My parents, who moved to sunny Florida after living through almost 30 years of long and frigid Colorado winters, got tickets to a PGA tournament in Orlando one or two summers ago. While they weren’t that tuned in to the golf world, they were excited to get outside and watch the pros up close and personal.
“Is Tiger going to be playing?” I asked my mom in excitement of their opportunity to watch, in person, possibly the world’s greatest golfer and maybe even the best athlete of our time. To my amazement, he was scheduled to play in the tournament. I couldn’t believe my parents were going to be hanging out and watching Tiger tee off.

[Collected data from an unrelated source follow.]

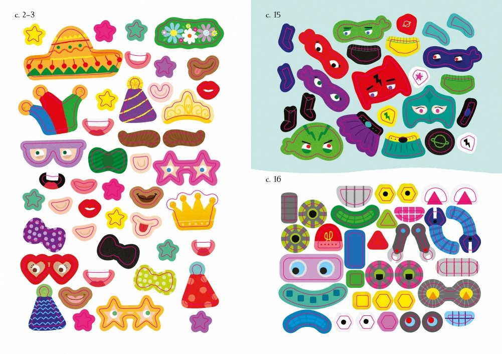 В этой весёлой книжке ты найдёшь забавных животных, команду пиратов, супергероев, роботов, инопланетян и множество других интересных персонажей. Как они будут выглядеть – решать тебе. Используй красочные наклейки для создания образов!
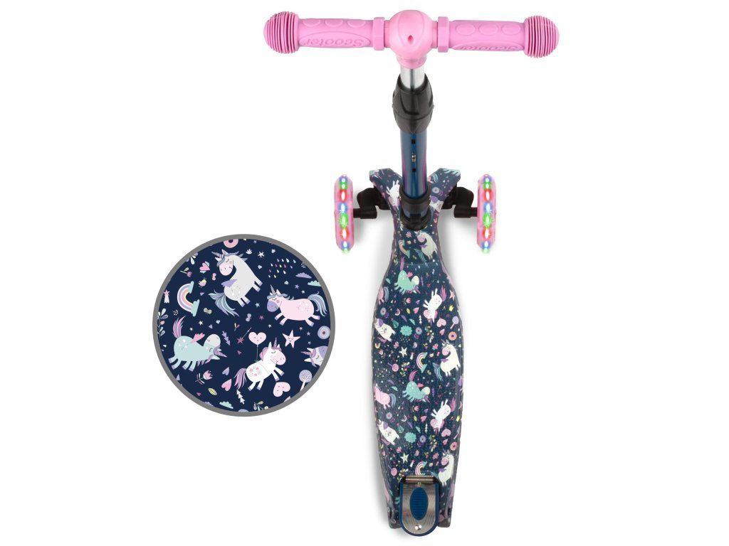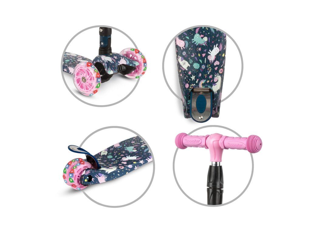 Kvalitní polyuretanová kola zajišťují tichou, plynulou jízdu a výbornou přilnavost k povrchu. Integrované LED diody se aktivují během jízdy bez potřeby baterií a zvyšují nejen atraktivitu, ale i viditelnost dítěte.
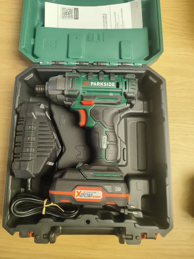 Taladro atornillador de impacto Parkside + cargador - Incluye maletín. - Cargador - batería x20V - Manual de instrucciones.
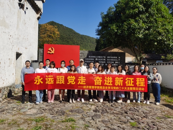 为激励教师党员弘扬革命传统,学习贯彻好党的二十大精神,动员广大教师党员切实把思想和行动统一到党的二十大精神上来,把力量凝聚到实现党的二十大确定的目标任务上来,经济管理学院党总支组织全体教师党员前往龙游县长生桥红色革命教育基地开展“永远跟党走 奋进新征程”主题党日活动。
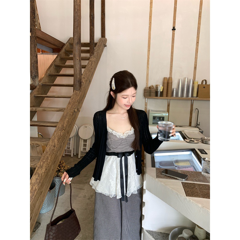 2025新款设计感黑色长袖开衫内搭吊带背心女秋季格子休闲裤三件套
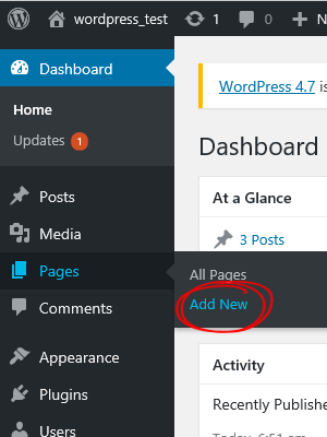 1)대시보드에서 좌측 pages 메뉴의 add new를 선택합니다.

Now I can’t remember who won this particular PGA event or even what the name of it was but I clearly remember the conversation I had with my mom the day after she experienced the tournament.
“Did you see Tiger? What was he like? Is he amazing? I can’t believe you saw Tiger,” I said. My mom ended my questioning abruptly in our phone conversation.
“Tiger’s an ass,” she said right away. “He didn’t smile, he didn’t laugh, he didn’t make eye contact. He was just a dud. I don’t like him and the people that were around us didn’t like him either.”
I was kind of shocked. I even stuck up for Tiger. “Mom,” I said. “This is the world’s greatest golfer. He was probably really focused on his game and he was just locked up in his head. Give him a break. This is golf, you can’t just joke around all the time and expect to win.”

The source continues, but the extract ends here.